Eine aktuelle BILD-Umfrage weiß: Die drei Menschen, die die Deutschen (beziehungsweise die, die BILD lesen) am liebsten als Gäste am Weihnachtstisch sitzen hätten, sind George Clooney, Mario Barth und Barack Obama. In einer ähnlichen Umfrage unter Musikfreunden, die jemals eine CD von Frank Turner gehört oder Zeuge eines seiner Auftritte geworden sind, wäre vielleicht der junge Brite zum Sieger erkoren worden: Der kann vielleicht nicht stundenlang Proletenwitze über seine Freundin reißen oder die Herzen von Mittvierzigerinnen zum Schmelzen bringen, aber ist einfach einer der vielleicht sympathischsten und authentischsten Menschen, die die britische Musikszene zur Zeit her gibt - und könnte dazu noch Lieder unter dem Tannenbaum zum Besten geben, die ebenfalls diese Qualitäten aufweisen.
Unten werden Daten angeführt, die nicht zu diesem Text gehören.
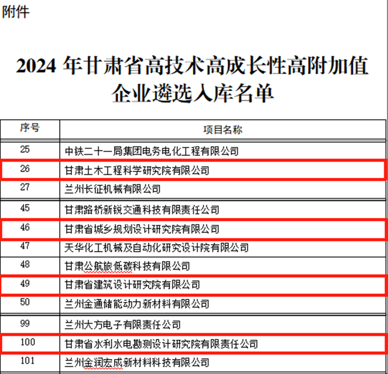近日,甘肅省科技廳公布2024年甘肅省高技術高成長性高附加值(簡稱“三高”)企業(yè)名單,甘肅工程咨詢集團旗下省建筑設計院、省水電設計院、省城鄉(xiāng)規(guī)劃院、甘肅土木工程院從眾多企業(yè)中脫穎而出,成功登上全省首批“三高”企業(yè)榜單。

Da diese Erkenntnis sich in Deutschland jedoch erst nach seinen Auftritten als Support von The Gaslight Anthem breit gemacht hat, erblickt neben dem aktuellen Werk "Poetry Of The Deed" zudem noch das in England bereits 2008 veröffentlichte "Love, Ire & Song" dieses Jahr endlich das Licht deutscher Plattenregale - glücklicherweise, erhält man so doch unter anderem eine weitere musikalische Kollektion an rustikalen Lebensweisheiten, die man seinen Freunden in's Poesiealbum schreiben könnte, wenn sie dieses nicht zu Beginn ihrer Adoleszenz gegen einen Sixer Bier eingetauscht hätten. Den Beginn des tollen "Reasons Not To Be An Idiot" in etwa, das jedem noch so mürrischen Miesepeter das Selbstmitleid aus dem Gesicht ohrfeigt: You're not as messed up as you think you are, your self-absorption makes you messier. Just settle down and you will feel a whole lot better, deep down you're just like everybody else. Eine lyrische Meisterleistung ist das alles nicht - aber dafür umso ehrlicher und glaubwürdiger.
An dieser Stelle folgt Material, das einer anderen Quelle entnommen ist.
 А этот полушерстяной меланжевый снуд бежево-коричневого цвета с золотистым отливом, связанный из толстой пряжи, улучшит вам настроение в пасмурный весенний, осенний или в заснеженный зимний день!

Auch musikalisch erfindet Frank Turner natürlich das Rad nicht neu - Songs, die immer auch alleine auf einer Akustikgitarre funktionieren würden (siehe auch den Titel der ersten EP "Campfire Punkrock") werden von einer Band begleitet, die eher Turners aktuellem Gefallen an Folkmusik der Insel als seinen Punkwurzeln in der Combo "Million Dead" entspricht: Durch seine Streicher klingt "Long Live The Queen" fast schon etwas irisch, auch "Photosynthesis", eine der Singles des Albums, schaltet fast unmerkbar den Schunkelmodus ein. Ansonsten ist auch "Love, Ire & Song" nicht mehr als ein typisches, aber gutes Album eines Songschreibers, der ein paar Musiker um sich geschart hat - jedoch eins, das dank Frank Turners schulterklapsender Lyrics der vielleicht liebste Begleiter aus diesem großen Haufen werden kann, eins, für den man ihn auch gerne zum Weihnachtsessen einladen würde. Oder vielleicht doch lieber in die Kneipe, denn: After all of the loving and losing, after all the heroes and the pioneers, the only thing that's left to do is get another round in at the bar. Amen. Und Prost, Frank.